To do:
An exact transcription of the lines from the one holding "柒哦宠物电热毯狗狗加热垫恒温防水防抓冬季保暖猫窝猫咪取暖器狗垫子 淘气鸭3档M【25斤内 40*60cm" to the end of the entries below, and nothing more, is the required answer. Please omit the pictures.

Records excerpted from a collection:
---+---

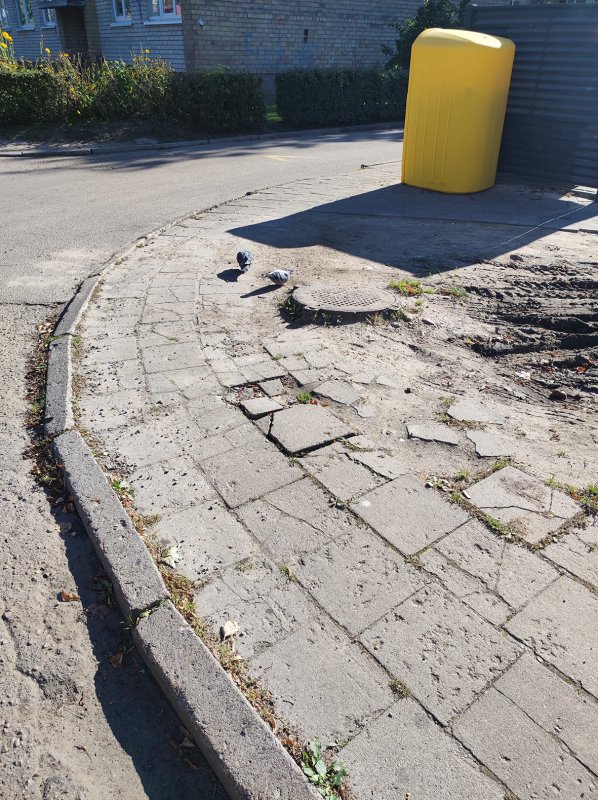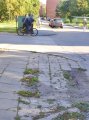 Korespondentės paklausti, ar prisimena, kada mikrorajono keliukai ir šaligatviai buvo tvarkomi, jie tik gūžteli pečiais ir purto galvas. Išties, pasižvalgius į akis krenta šaligatviai, kuriuose plytelių trūksta kaip šachmatų lentoje. Kitos iškilotos medžių šaknų, ištrupėjusios, apaugusios žolėmis. Gatvės lopytos perlopytos.
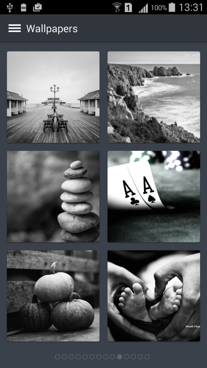 Photos in Black and White Wallpapers are licensed under Public Domain or Creative Commons licence. Credits to authors are provided inside the app.
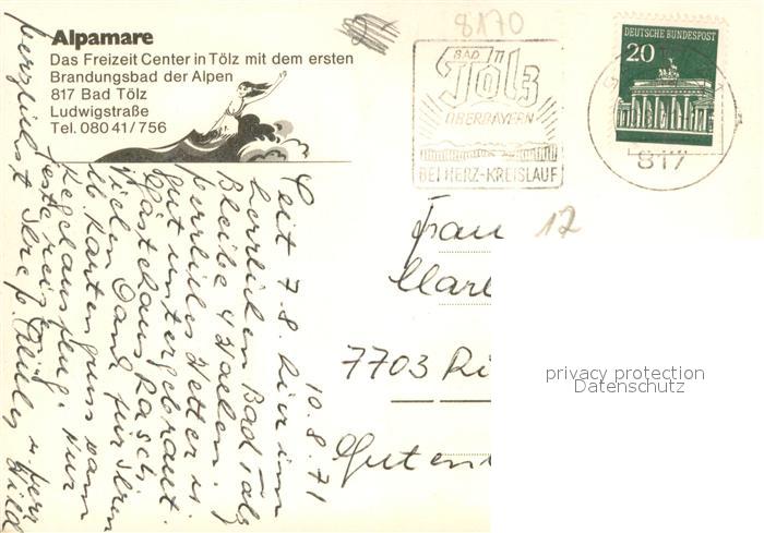 73724371 alte Postkarte Bad Toelz Alpamare Freizeit Center Brandungsfreibad Sprudelfreibad Jodtherme postalisch gelaufen Erhaltung siehe scans [LiesaD40] KatCode: 11110009173112
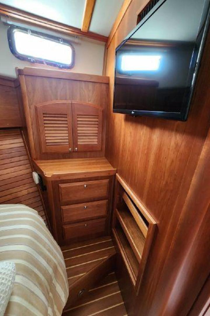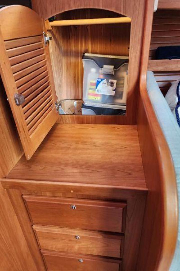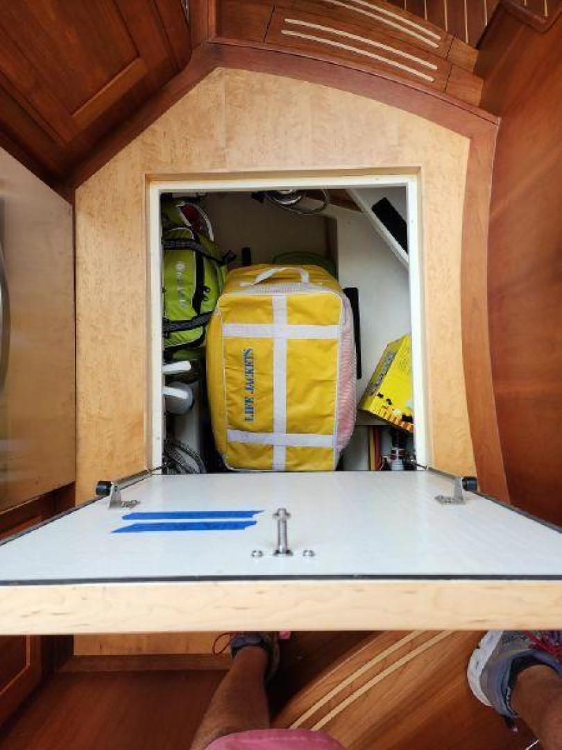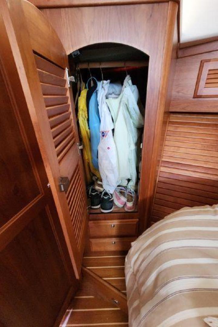 - Large cedar lined hanging locker to port, with louvered door, shelf and hangar pole
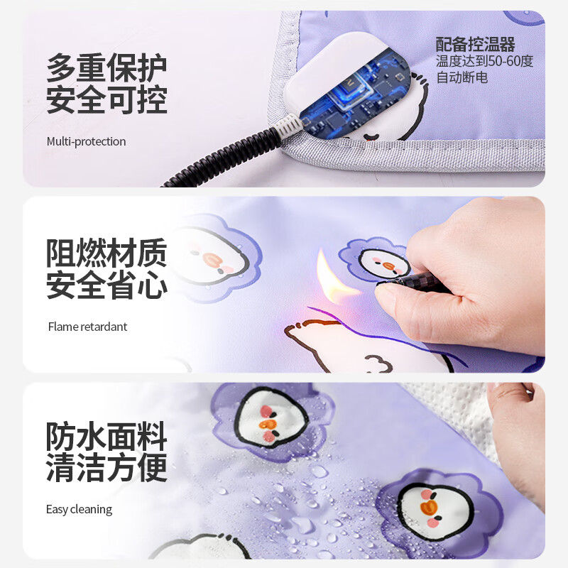 柒哦宠物电热毯狗狗加热垫恒温防水防抓冬季保暖猫窝猫咪取暖器狗垫子 淘气鸭3档M【25斤内 40*60cm 】
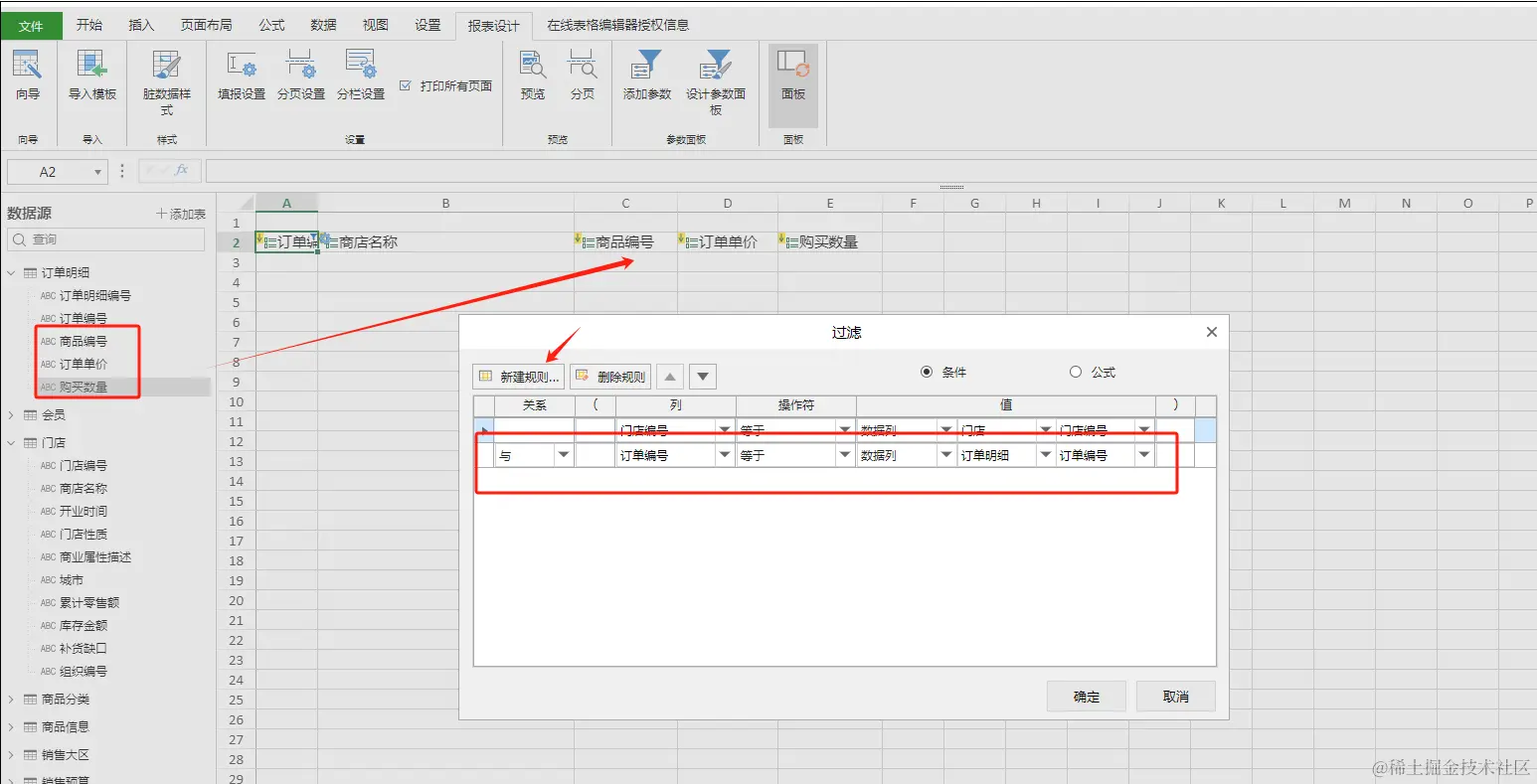 将”订单明细“表中的”商品编号“,”订单单价“,”购买数量“ 依次拖拽进C2、D2、E2单元格。并且选中A2单元格,选择“面板”进行过滤,然后在右侧的单元格属性中设置“过滤”条件,如下图所示:

---+---

Response to this exercise:
 柒哦宠物电热毯狗狗加热垫恒温防水防抓冬季保暖猫窝猫咪取暖器狗垫子 淘气鸭3档M【25斤内 40*60cm 】
 将”订单明细“表中的”商品编号“,”订单单价“,”购买数量“ 依次拖拽进C2、D2、E2单元格。并且选中A2单元格,选择“面板”进行过滤,然后在右侧的单元格属性中设置“过滤”条件,如下图所示:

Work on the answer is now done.